MATERIAL FOR THIS EXERCISE.
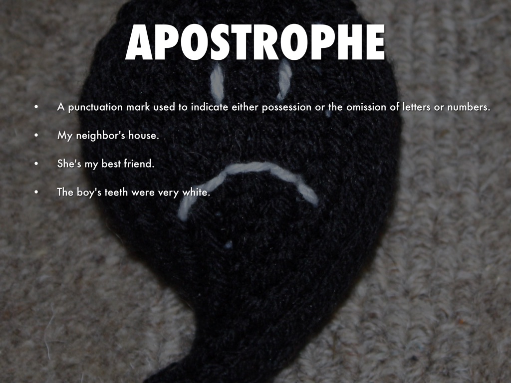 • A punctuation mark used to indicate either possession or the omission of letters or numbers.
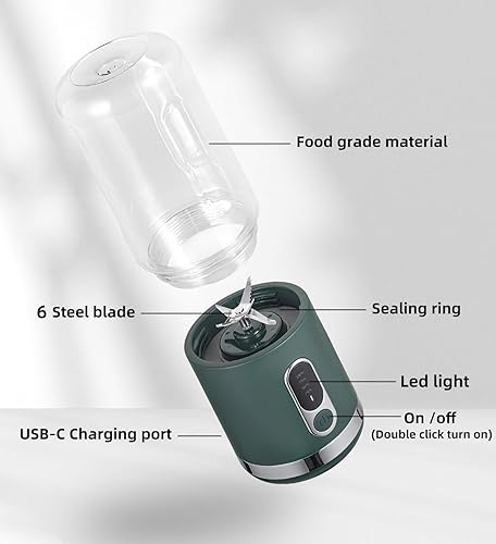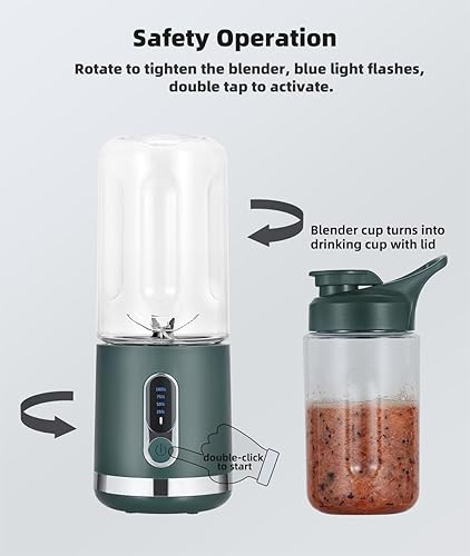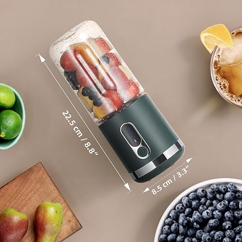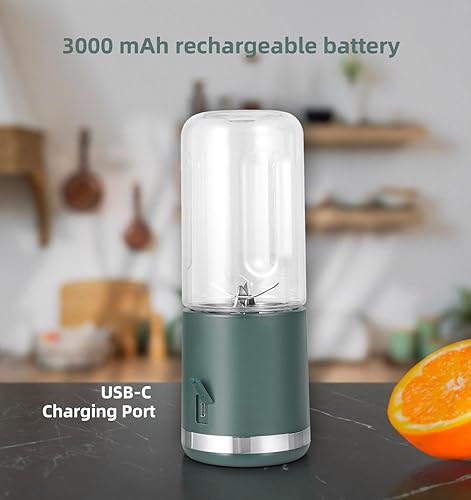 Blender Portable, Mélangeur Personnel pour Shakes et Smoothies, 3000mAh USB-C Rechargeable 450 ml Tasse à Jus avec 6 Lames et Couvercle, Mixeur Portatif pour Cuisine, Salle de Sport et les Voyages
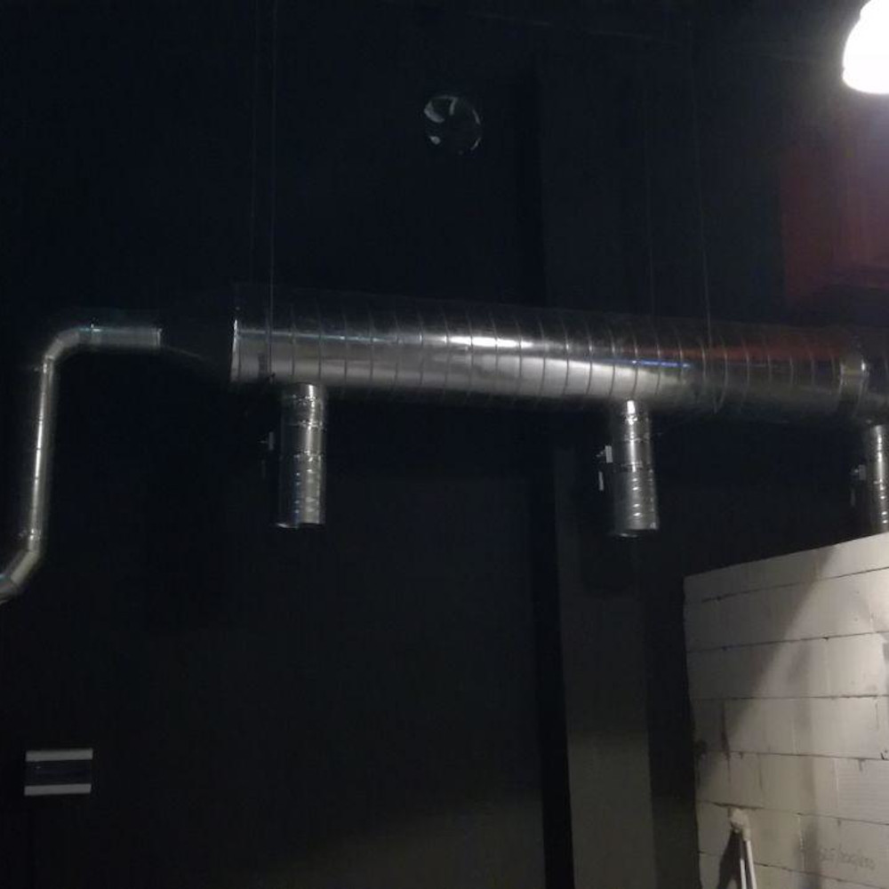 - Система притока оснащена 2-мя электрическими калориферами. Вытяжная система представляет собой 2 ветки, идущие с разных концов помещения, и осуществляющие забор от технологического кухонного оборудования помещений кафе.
--
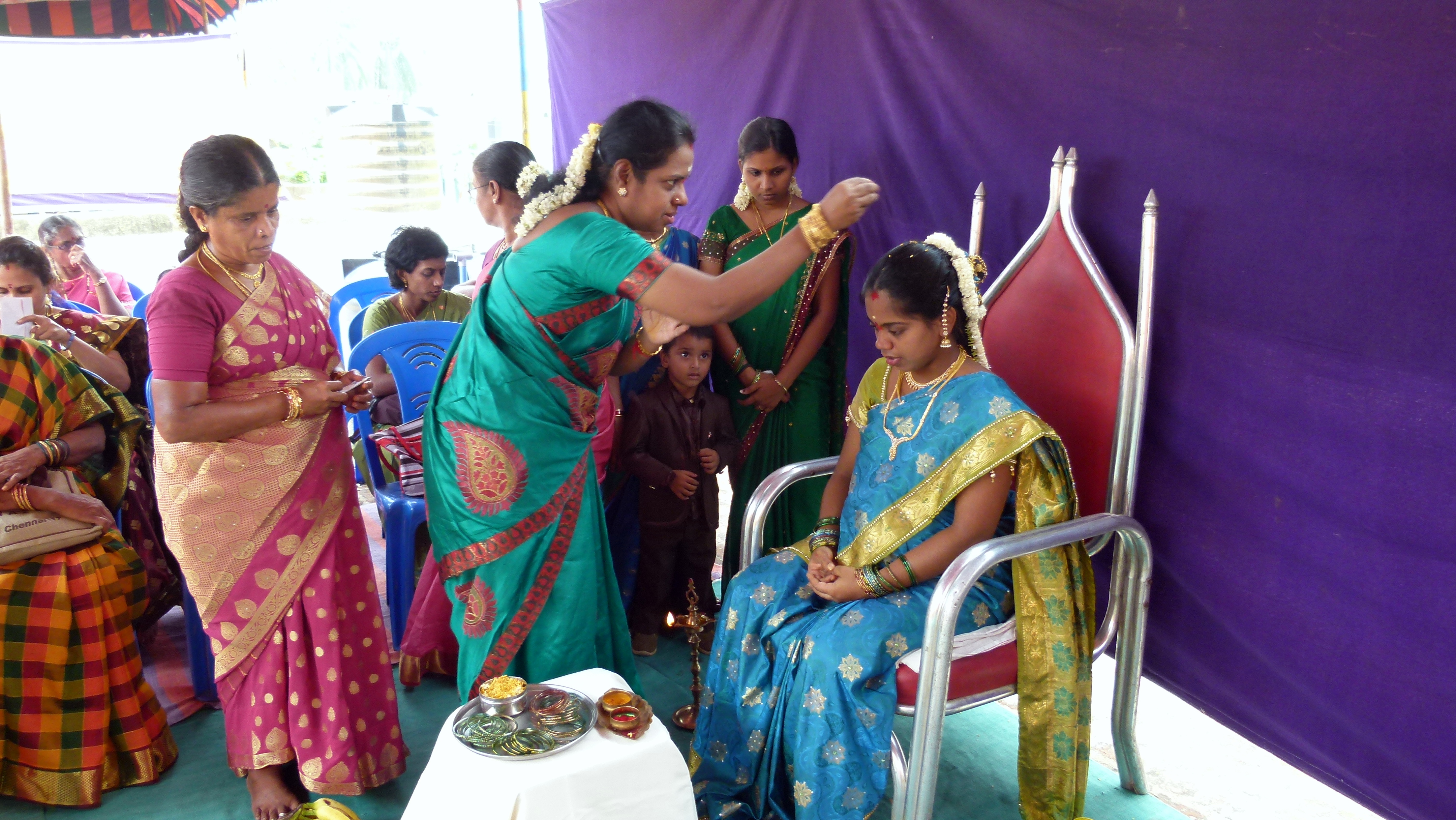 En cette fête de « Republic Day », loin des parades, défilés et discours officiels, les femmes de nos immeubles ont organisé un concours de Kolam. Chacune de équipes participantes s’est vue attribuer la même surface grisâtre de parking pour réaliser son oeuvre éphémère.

DESCRIPTION OF THE TASK.
Give back exactly the lines of the listing above from the one that contains "letters or numbers." up to and including the one that contains "- Система притока", but not the pictures, and no other lines.

EXERCISE SOLUTION.
 • A punctuation mark used to indicate either possession or the omission of letters or numbers.
 Blender Portable, Mélangeur Personnel pour Shakes et Smoothies, 3000mAh USB-C Rechargeable 450 ml Tasse à Jus avec 6 Lames et Couvercle, Mixeur Portatif pour Cuisine, Salle de Sport et les Voyages
 - Система притока оснащена 2-мя электрическими калориферами. Вытяжная система представляет собой 2 ветки, идущие с разных концов помещения, и осуществляющие забор от технологического кухонного оборудования помещений кафе.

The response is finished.